2) Relationship between employee attitudes and job satisfaction
Attitudes are how employees feel about their work, managers, and organization. Job satisfaction is one key attitude if employees enjoy their job, feel valued, and believe they’re treated fairly, they tend to be more positive, committed, and productive. Negative attitudes, on the other hand, often lead to stress, absenteeism, or turnover.

3) How diversity & attitudes influence organizational performance

Diversity boosts performance by encouraging creativity, problem-solving, and a wider range of skills but only if inclusion is practiced. Poorly managed diversity can cause divisions and reduce cooperation.

Attitudes drive performance because satisfied, motivated employees put in more effort and support organizational goals. Negative attitudes spread disengagement and hurt productivity.
Together, inclusive diversity + positive employee attitudes lead to higher innovation, better decision-making, stronger culture, and sustainable success.

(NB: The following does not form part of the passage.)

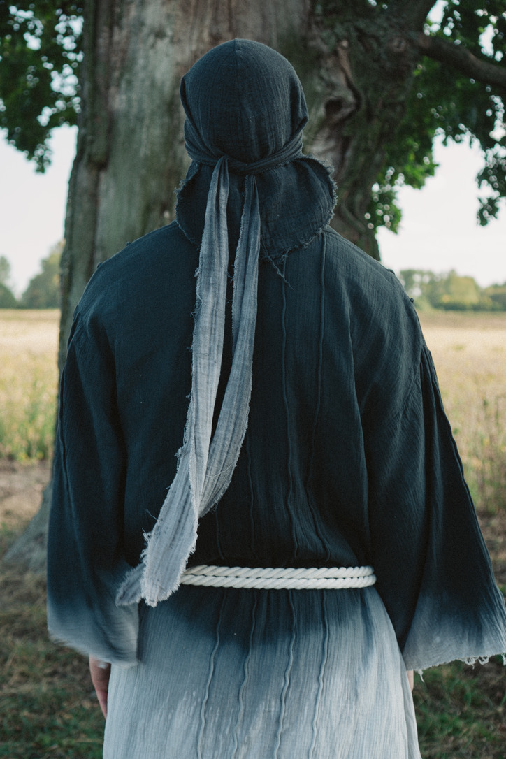 Це кімоно створене з натуральної тканини, яку ми власноруч пофарбували у плавний градієнт природних відтінків. Його особливість — у складному оздобленні: ми заморочилися над великою кількістю швів, які виконані завдяки техніці обшивання та вставлення канатних елементів. Такі «канатні» лінії надають виробу характеру й водночас допомагають кимоно тримати форму. Річ має зручні кишені, тож вона практична у щоденному використанні. Кимоно легко стилізувати під будь-який образ: носити у місті, брати з собою в подорож чи одягати на особливі події. Це універсальний елемент гардеробу, що поєднує майстерність, автентичність та сучасність.

4) Strategies to foster inclusivity & enhance job satisfaction
Organizations can:

Promote inclusive policies (fair hiring, equal opportunities, anti-discrimination).

Encourage open communication and provide diversity training

supportive leadership that listens and values input.

Recognize and reward contributions fairly.

Create opportunities for career growth and learning.

Support work-life balance (flexible hours, wellness programs).
These strategies make employees feel respected and satisfied, which reduces turnover and boosts performance.